Direção da Apemu custa R$ 1 milhão por ano ao povo de Uruguaiana

  Friday, 11 August, 2017

O vereador Eric Lins (DEM) protocolou ontem, 10/8, um pedido para que o prefeito Ronnie Mello (PP) revogue a cedência de seis servidores municipais que atualmente estão emprestados à Associação dos Professores e Especialistas de Educação da Rede Municipal de Uruguaiana (Apemu). Além do pedido formal, o Parlamentar fez uso da tribuna da Câmara para abordar o tema.

“ ‘Eu prometo guardar a Lei Orgânica do Município e desempenhar com lealdade e dedicação o mandato que me foi confiado pelo povo de Uruguaiana’. Essa é a primeira coisa que eu, que os senhores, e que o prefeito Ronnie Mello disse dentro desta casa no dia 1º de janeiro”, iniciou o Parlamentar. Logo depois, Eric lembrou que a LOM dispõe sobre a cedência de três servidores do município para que atuem no sindicato representante da categoria. E pontuou sobre a disparidade em relação a Lei 4 111/2012, o Plano de Carreira do Magistério, que assegura cedência, com ônus para o município, dos seis professores que forem eleitos para a diretoria da Apemu. “A moralidade exige que haja proporcionalidade nas determinações legais e existe flagrante desproporcionalidade entre a licença de três servidores dentre mais de três mil à pessoa jurídica de natureza pública Simur, previsto na Lei Máxima do Município, e a cedência de seis servidores, dentre 1,2 mil, à pessoa jurídica de natureza privada Apemu, prevista em Lei esparsa”, disse.

O custo

Lins ressaltou ainda o ‘golpe financeiro’ que a cedência acarreta, afirmando que os seis servidores cedidos não prestam serviço ao município de Uruguaiana, mas a uma entidade privada (Apemu). Ainda assim, recebem parcela significativa da folha de pagamento municipal. “Consultando-se o Portal da Transparência de Uruguaiana, verifica-se que, no último ano, esses seis servidores receberam dos cofres do município R$ 750 mil, nos quais não se incluem os valores que o município paga ao INSS, FGTS e outros encargos trabalhistas”, afirmou.

O decreto

Eric Lins lembrou ainda do decreto de emergência financeira assinado pelo prefeito Ronnie Mello logo nos primeiros dias de governo, e reeditado no mês passado. Para o Vereador, a manutenção dos servidores trabalhando em prol de uma entidade privada é imoral, “especialmente em um momento em que enfrentamos calamidade financeira”.
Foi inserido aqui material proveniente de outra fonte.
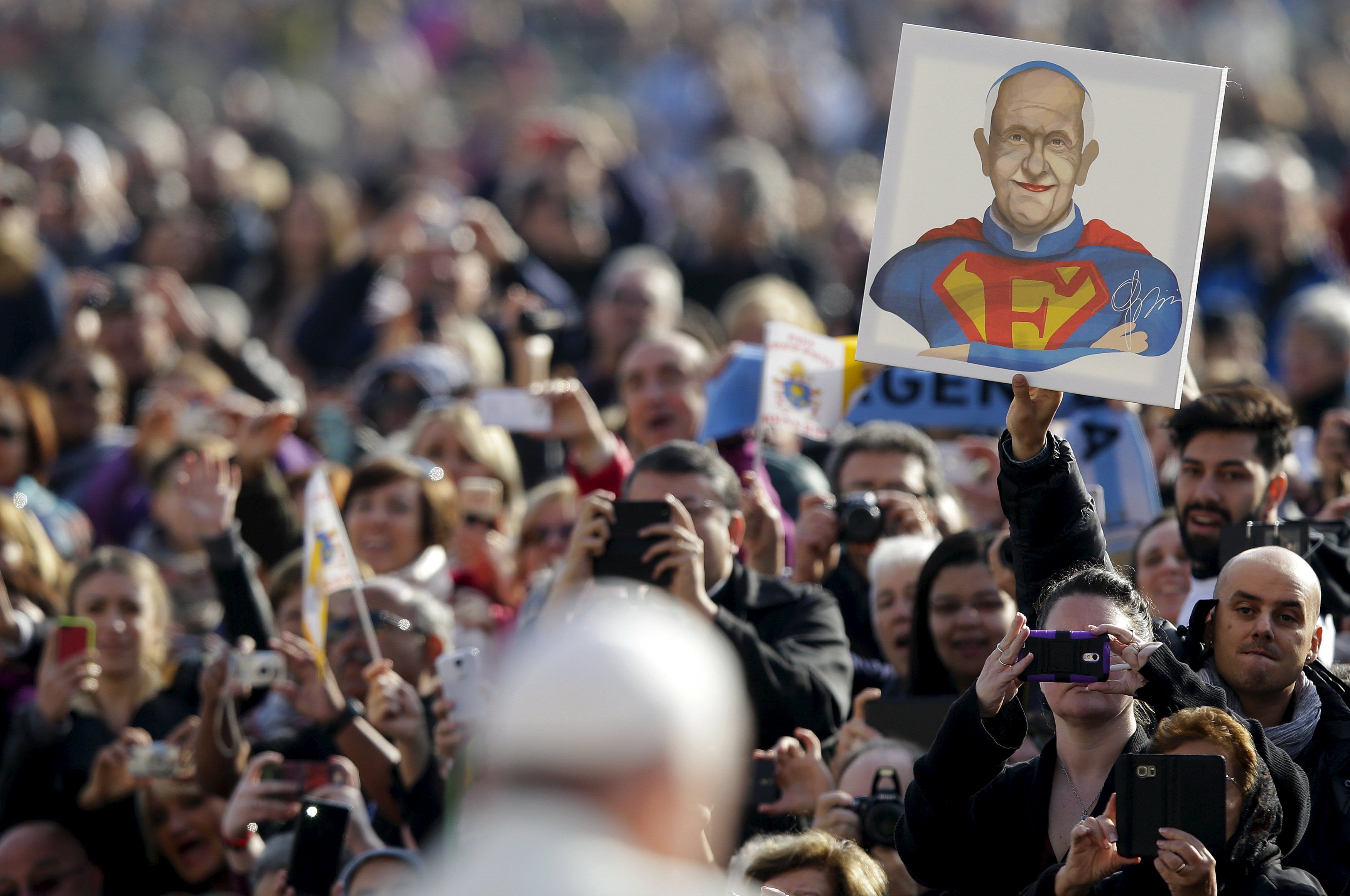 Папа Римський Франциск стоїть перед картиною, яка зображає його як Супермена, під час щотижневої аудиторії на площі Святого Петра у Ватикані. / © Reuters

Lins falou ainda que aos servidores regidos pela CLT aplica-se a legislação federal, que não prevê tal regramento e, mesmo que se invoque o artigo 60 da Lei 4 111/2012, questionada judicialmente, ela não tem condão de evitar a exigência formal do artigo 37 da Lei Orgânica do Município de Uruguaiana, vez que o regramento de cedência fora previsto em lei esparsa e não no Estatuto dos Funcionários Públicos do Município de Uruguaiana. “Sendo assim, resta que a cedência de professor a entidade
privada Apemu, remunerado às custas do caixa do município, é medida ilegal que traz prejuízo ao erário, devendo ser imediatamente cessada, sob pena, inclusive, da possibilidade de configurar improbidade administrativa, na forma do artigo 10, II da Lei 8 429/92”, concluiu. Para Eric, os seis servidores devem imediatamente retornar as funções ordinárias.

O CIDADE tentou falar com a Apemu, mas o telefone não foi atendido; a presidente Dirce Soares, estava com o celular desligado; o prefeito Ronnie Mello e o secretário de governo Paulo Fossari, também não atenderam.